Однажды вечером, когда я стоял так на бетонном конце мола и ждал, вдруг пошел дождь. Погода, до сих пор ветреная, переходила в бурю. Когда стало уже совсем темно, показались скутеры. Тот, самый быстроходный, был виден очень хорошо, так как его белые паруса выделялись на темном фоне моря.

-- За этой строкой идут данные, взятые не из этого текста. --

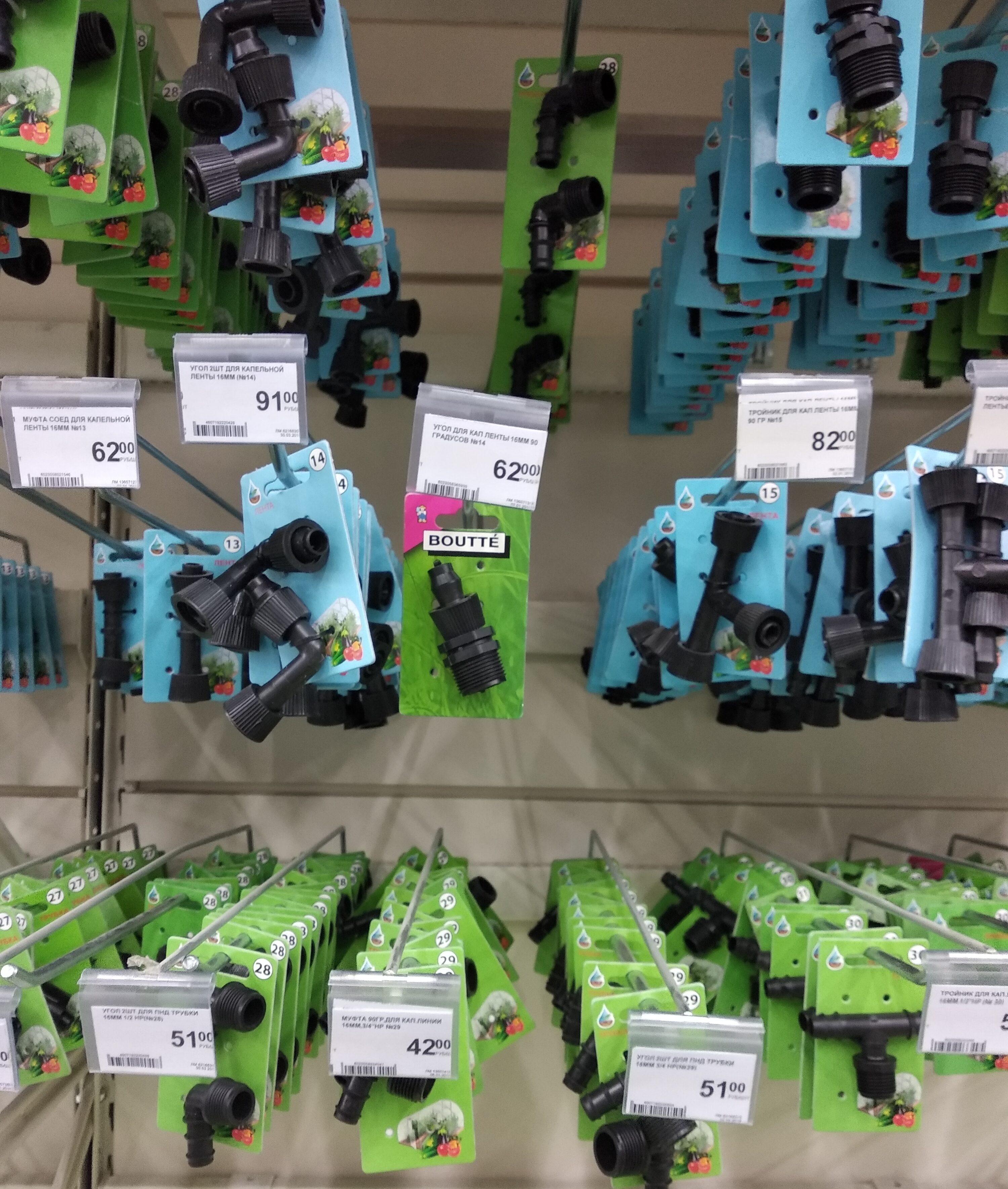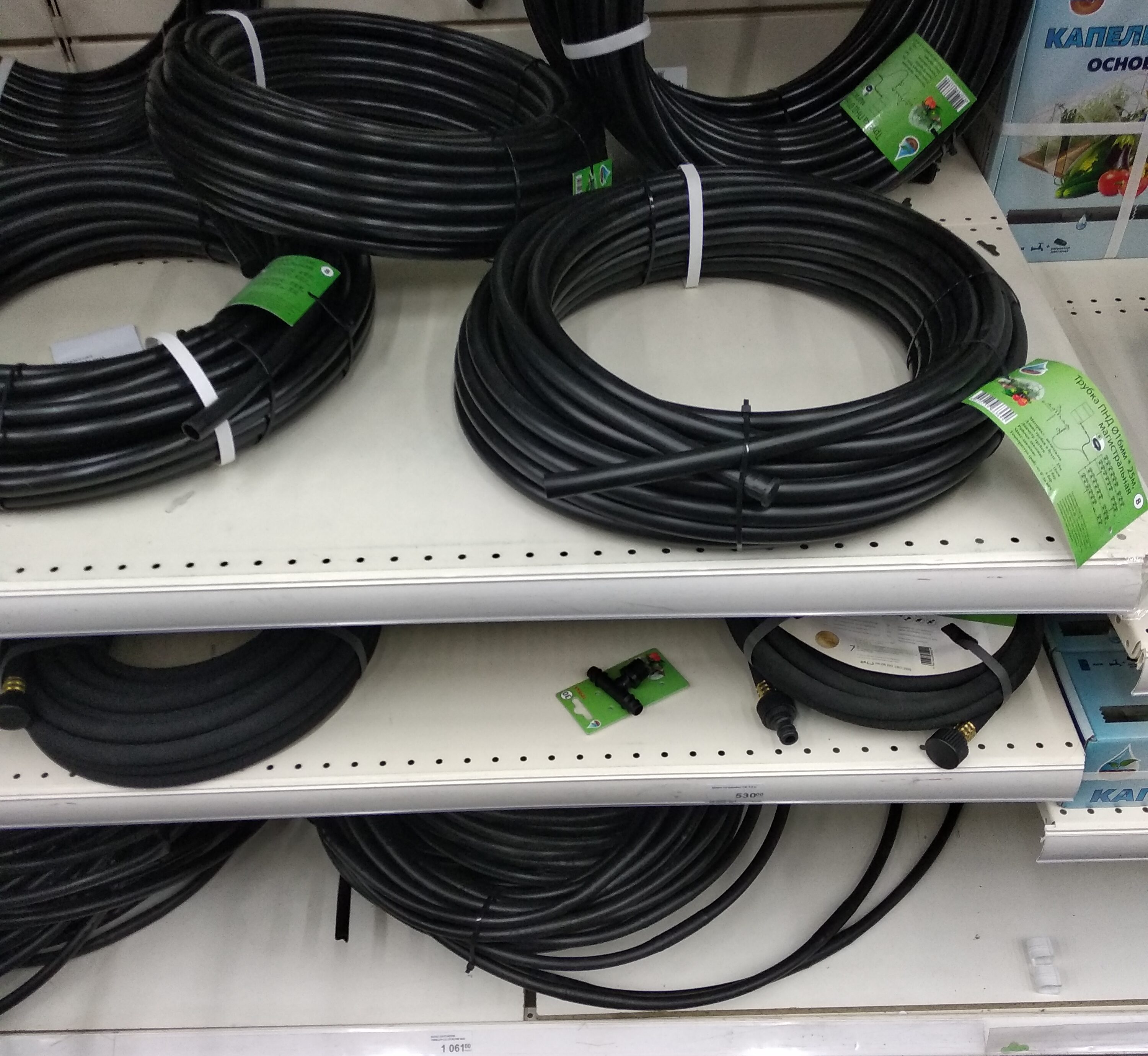 Для удобства монтажа шлангов есть много различных переходников, тройников, углов и прочих нужных деталей. Капельные шланги тоже имеют разные конструкции. Обычно это круглые трубки диаметром около 16 мм, в которые вмонтированы капельницы через определённые промежутки. Расстояния между капельницами могут начинаться от 20 и доходить до 40 см.

Высокие волны хлестали с такой силой, что за несколько минут вся одежда на мне промокла, но какое-то непонятное чувство не позволило мне уйти. Ветер все усиливался, пронзительно воя, а поверхность моря то поднималась, то опадала. Все скутеры убрали паруса, только тот белый кораблик шел под всеми парусами, даже поднял новые, и был похож на белую, по грудь погрузившуюся в волны птицу, пытающуюся взлететь могучим взмахом крыльев. Быть может, картина была вовсе не такая уж поэтическая, но я уже сказал, что я сухопутная крыса и с навигацией совершенно не знаком. Когда я увидел, как этот кораблик, подняв паруса и набирая скорость, приближается к остальным, обгоняет их и уходит в туман и мглу, со мной произошло что-то, заставившее меня немедленно вернуться домой. Я решил, что организм у меня менее вынослив, чем голова: она жаждет каких-то сильных впечатлений, а он требует только отдыха. Вернувшись домой, я собрал свои карточки и — пусть посмеется над этим, кто может! — решил выписать новую литературу, чтобы как можно скорее с ней познакомиться. Так, с пером в руке, я уснул за письменным столом на половине недописанного слова. Мне приснился удивительный сон.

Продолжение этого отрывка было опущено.